— Task description —
Exactly reproduce the lines of the listing below from the one containing "res;res.a = C[0].a-C[1].a;res.b" through the one containing "Колекция от 6". Skip the images.

— Records supplied —
= = =
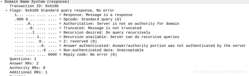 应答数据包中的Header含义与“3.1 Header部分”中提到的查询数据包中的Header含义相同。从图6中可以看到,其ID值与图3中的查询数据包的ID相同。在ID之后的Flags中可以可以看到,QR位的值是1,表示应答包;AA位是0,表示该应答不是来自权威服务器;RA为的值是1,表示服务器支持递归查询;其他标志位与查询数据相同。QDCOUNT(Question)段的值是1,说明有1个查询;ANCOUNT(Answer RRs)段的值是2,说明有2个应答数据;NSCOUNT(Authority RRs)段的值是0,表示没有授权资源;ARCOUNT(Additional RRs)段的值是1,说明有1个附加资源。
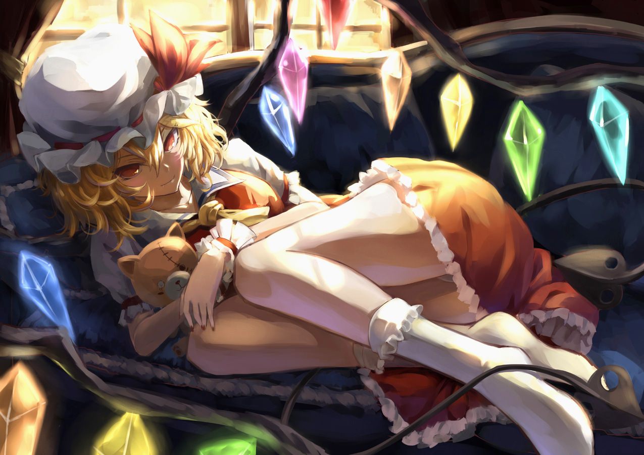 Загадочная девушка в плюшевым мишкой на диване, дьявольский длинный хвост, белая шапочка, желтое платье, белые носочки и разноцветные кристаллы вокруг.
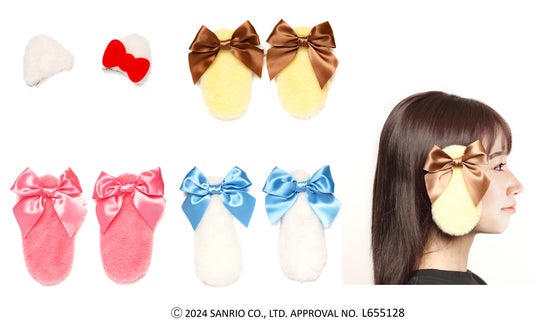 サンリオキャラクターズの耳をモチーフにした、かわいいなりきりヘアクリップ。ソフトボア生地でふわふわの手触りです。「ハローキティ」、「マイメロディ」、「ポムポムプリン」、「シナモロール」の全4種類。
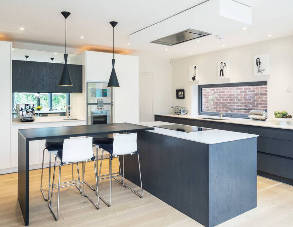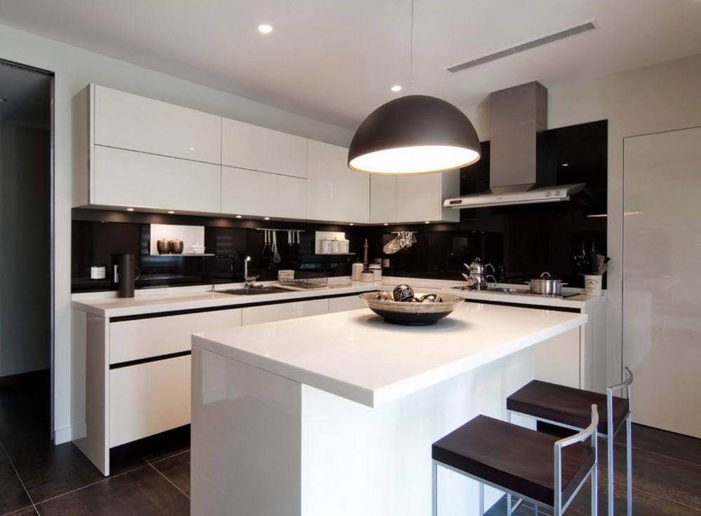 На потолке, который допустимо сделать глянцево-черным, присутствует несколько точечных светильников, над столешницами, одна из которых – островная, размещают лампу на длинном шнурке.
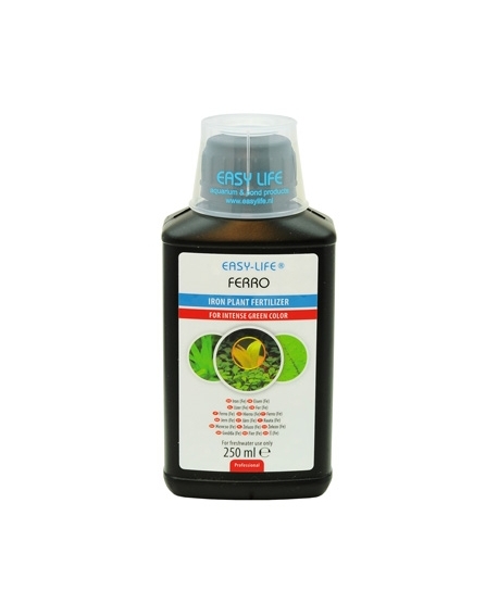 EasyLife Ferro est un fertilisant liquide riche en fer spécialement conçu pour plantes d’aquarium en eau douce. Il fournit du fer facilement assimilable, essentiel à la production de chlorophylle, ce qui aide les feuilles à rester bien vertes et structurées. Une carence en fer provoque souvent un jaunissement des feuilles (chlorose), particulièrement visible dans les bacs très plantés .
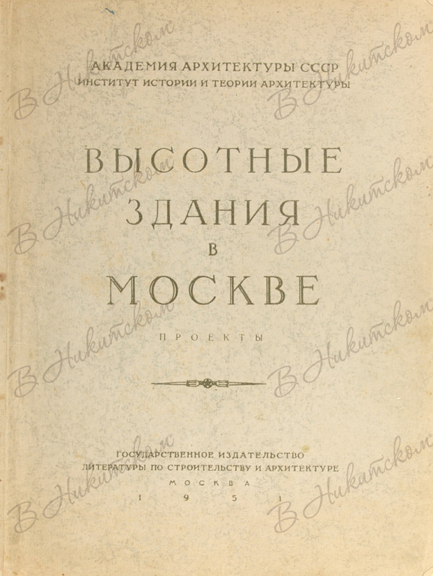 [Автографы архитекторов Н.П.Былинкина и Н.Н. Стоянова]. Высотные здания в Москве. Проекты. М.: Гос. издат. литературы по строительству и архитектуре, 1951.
= = =
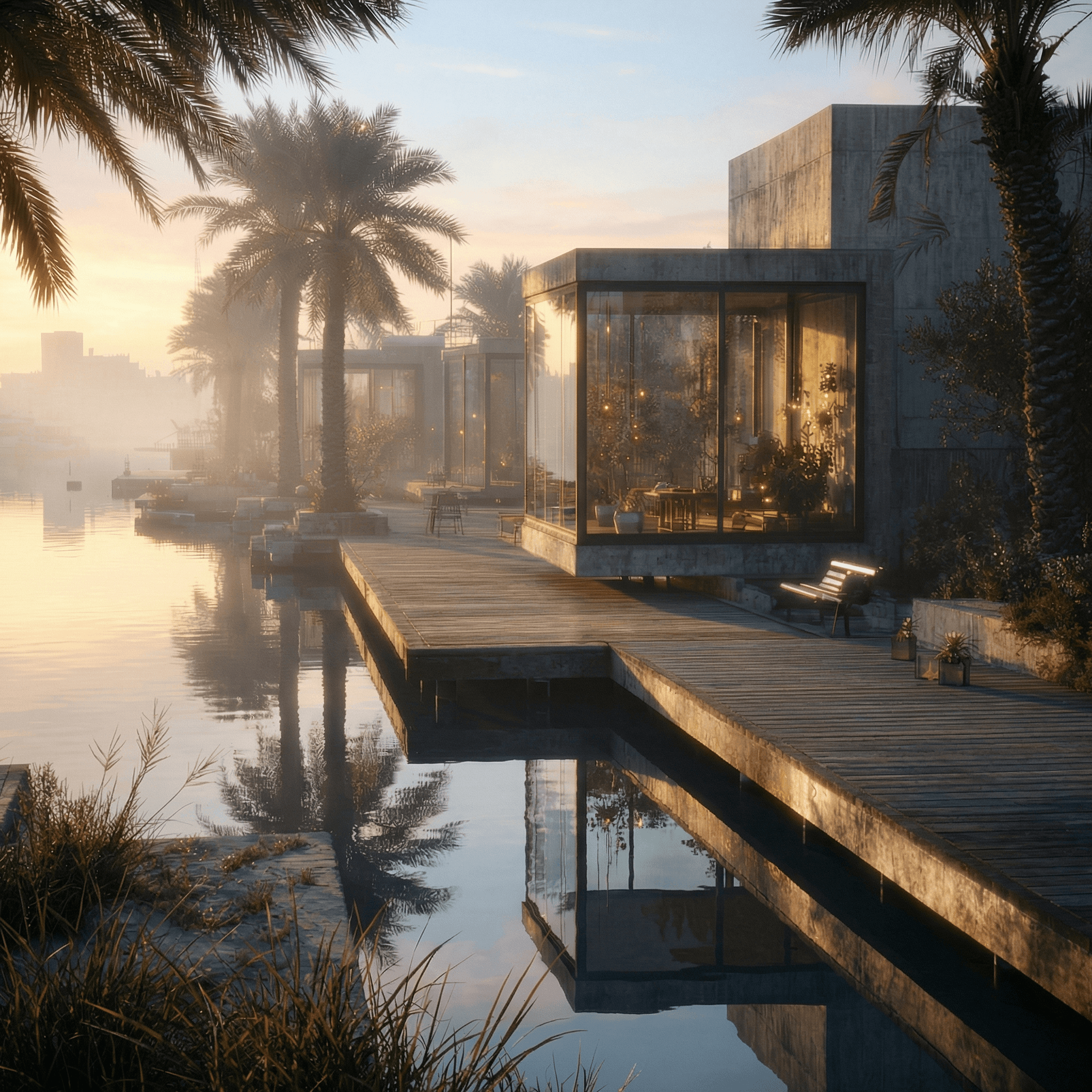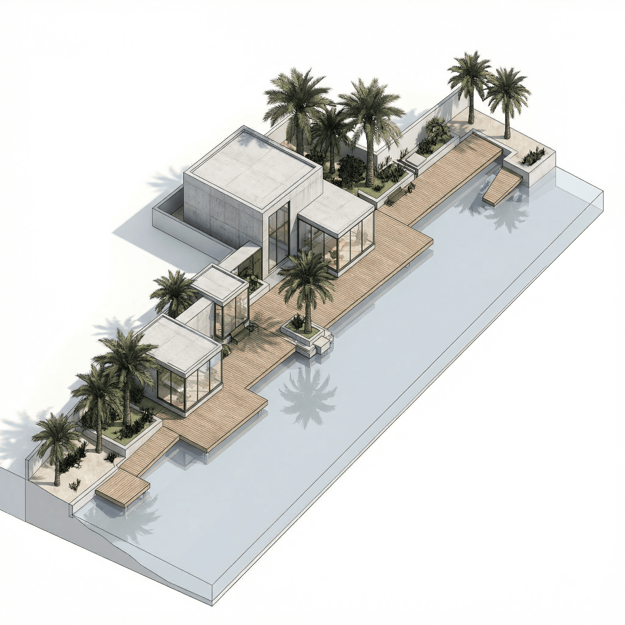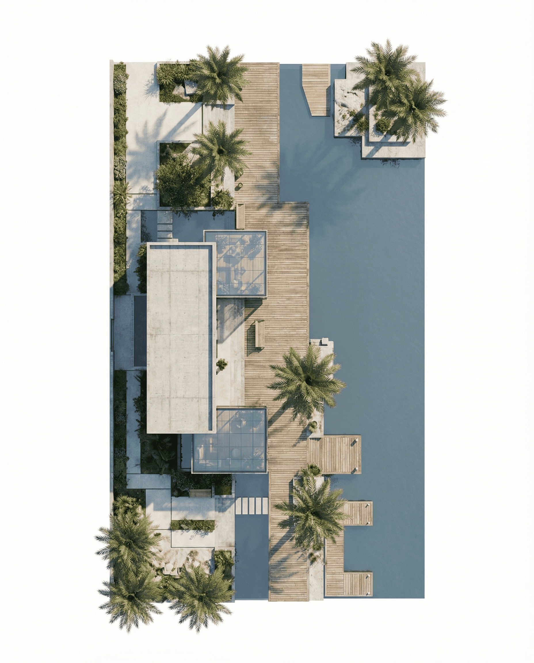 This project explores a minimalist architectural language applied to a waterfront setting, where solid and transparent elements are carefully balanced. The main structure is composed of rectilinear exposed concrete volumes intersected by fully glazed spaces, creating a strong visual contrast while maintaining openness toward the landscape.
= = =
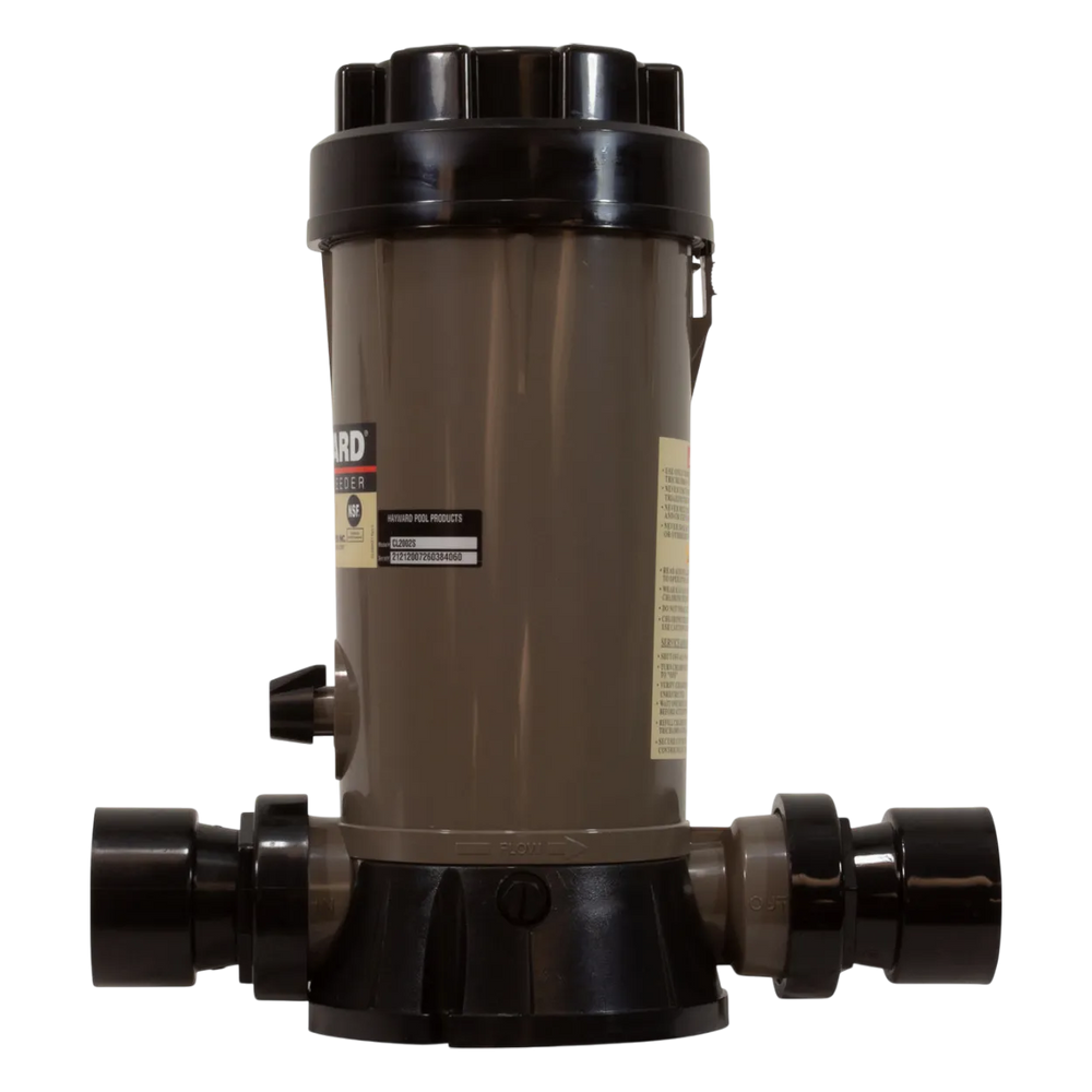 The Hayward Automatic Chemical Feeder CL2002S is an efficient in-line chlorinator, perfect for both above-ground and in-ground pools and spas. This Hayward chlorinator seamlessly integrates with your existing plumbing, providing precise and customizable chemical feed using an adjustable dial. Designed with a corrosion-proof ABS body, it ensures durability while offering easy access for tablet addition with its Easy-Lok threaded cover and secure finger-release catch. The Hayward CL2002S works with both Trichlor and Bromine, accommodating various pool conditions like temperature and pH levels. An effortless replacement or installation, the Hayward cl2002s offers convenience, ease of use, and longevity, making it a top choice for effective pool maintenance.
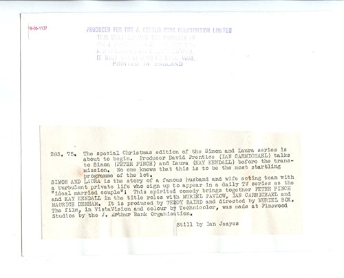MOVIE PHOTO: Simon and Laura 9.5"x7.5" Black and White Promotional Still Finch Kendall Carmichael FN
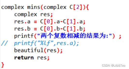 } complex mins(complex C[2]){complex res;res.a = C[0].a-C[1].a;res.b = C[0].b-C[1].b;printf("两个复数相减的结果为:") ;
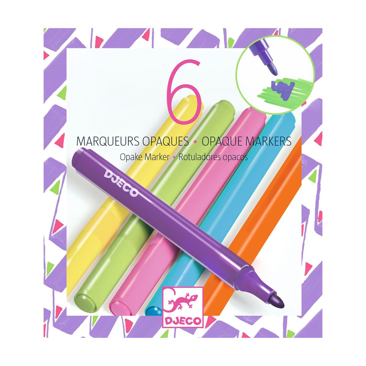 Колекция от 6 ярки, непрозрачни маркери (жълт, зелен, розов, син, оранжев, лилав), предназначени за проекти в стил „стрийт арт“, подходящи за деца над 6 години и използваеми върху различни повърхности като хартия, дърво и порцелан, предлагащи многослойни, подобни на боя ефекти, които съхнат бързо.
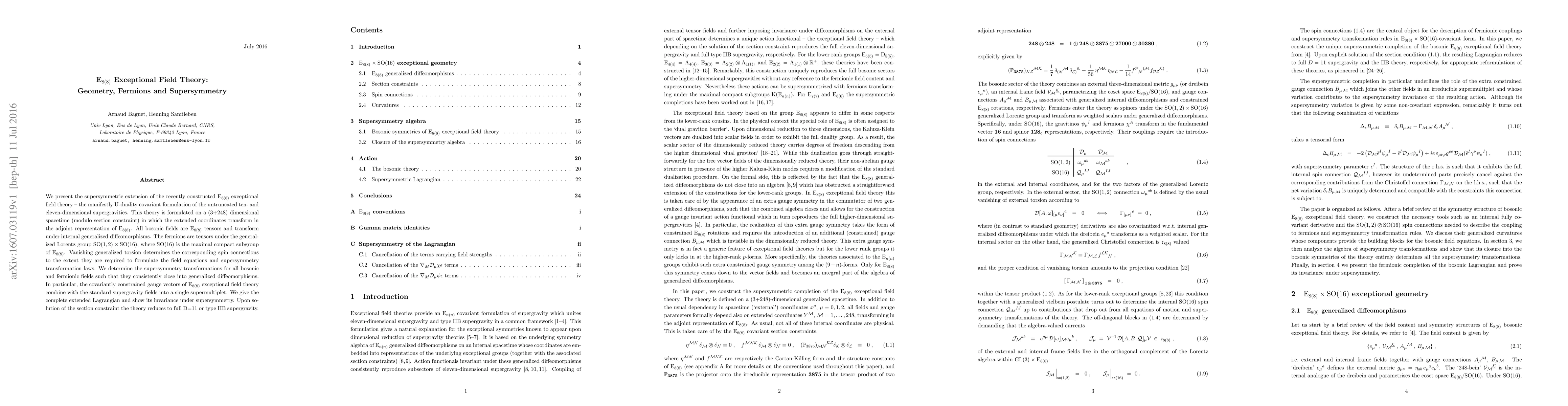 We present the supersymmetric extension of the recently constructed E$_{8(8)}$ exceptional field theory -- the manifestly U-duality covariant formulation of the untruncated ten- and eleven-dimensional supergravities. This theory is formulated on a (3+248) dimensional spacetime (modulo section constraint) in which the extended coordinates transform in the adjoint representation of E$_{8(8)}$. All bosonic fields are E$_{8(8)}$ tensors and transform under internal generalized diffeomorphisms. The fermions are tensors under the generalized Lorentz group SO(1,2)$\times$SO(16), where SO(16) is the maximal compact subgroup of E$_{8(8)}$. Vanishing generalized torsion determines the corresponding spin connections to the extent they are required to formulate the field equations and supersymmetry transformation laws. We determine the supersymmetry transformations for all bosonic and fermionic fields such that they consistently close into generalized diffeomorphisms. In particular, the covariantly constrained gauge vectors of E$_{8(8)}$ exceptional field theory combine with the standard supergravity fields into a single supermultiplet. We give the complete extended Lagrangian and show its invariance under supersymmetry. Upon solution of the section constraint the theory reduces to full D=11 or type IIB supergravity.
= = =
— Answer to this exercise —
 } complex mins(complex C[2]){complex res;res.a = C[0].a-C[1].a;res.b = C[0].b-C[1].b;printf("两个复数相减的结果为:") ;
 Колекция от 6 ярки, непрозрачни маркери (жълт, зелен, розов, син, оранжев, лилав), предназначени за проекти в стил „стрийт арт“, подходящи за деца над 6 години и използваеми върху различни повърхности като хартия, дърво и порцелан, предлагащи многослойни, подобни на боя ефекти, които съхнат бързо.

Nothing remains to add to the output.